Mitchell v. Texas Gulf Sulphur Co.

446 F.2d 90, 29 A.L.R. Fed. 620
CourtCourt of Appeals for the Tenth Circuit
DecidedApril 26, 1971
DocketNos. 280-70 to 285-70
StatusPublished
Cited by69 cases

This text of 446 F.2d 90 (Mitchell v. Texas Gulf Sulphur Co.) is published on Counsel Stack Legal Research, covering Court of Appeals for the Tenth Circuit primary law. Counsel Stack provides free access to over 12 million legal documents including statutes, case law, regulations, and constitutions.

Bluebook
Mitchell v. Texas Gulf Sulphur Co., 446 F.2d 90, 29 A.L.R. Fed. 620 (10th Cir. 1971).

Opinion

HILL, Circuit Judge.

Appellees and cross-appellants Reynolds, Mitchell and Stout instituted actions in the Utah district against appellants and cross-appellees Texas Gulf Sulphur Company (hereinafter referred to as TGS) and Charles A. Fogarty, one of the principal officers of the company, to recover damages for violations of Section 10(b) of the Securities Exchange Act of 1934, 15 U.S.C. § 78j(b) and Rule 10b-5, 17 C.F.R. § 240.10b-5, promulgated thereunder.
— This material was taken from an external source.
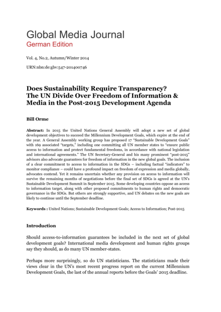 Does Sustainability Require Transparency? The UN Divide Over Freedom of Information and Media in the Post-2015 Development Agenda

The actions were consolidated for trial to the court without a jury and plaintiffs procured judgments in the three eases.1

While the complaints of the several parties make varying allegations of legal infractions,2 the cases were tried, and are appealed, only upon alleged violations of Section 10(b) and Rule 10b-5, [93]*93with a cross-appeal by Reynolds and Mitchell on the issues of damages and class action claims. Specifically, the claim is that appellees were damaged by the violations of TGS and Fogarty, its executive vice president, (1) for failure to disclose on April 12. and prior to April 16, 1964, information as to the results of drilling at the Timmins property; and (2) in issuing an inaccurate, misleading and deceptive press release published April 13, 1964.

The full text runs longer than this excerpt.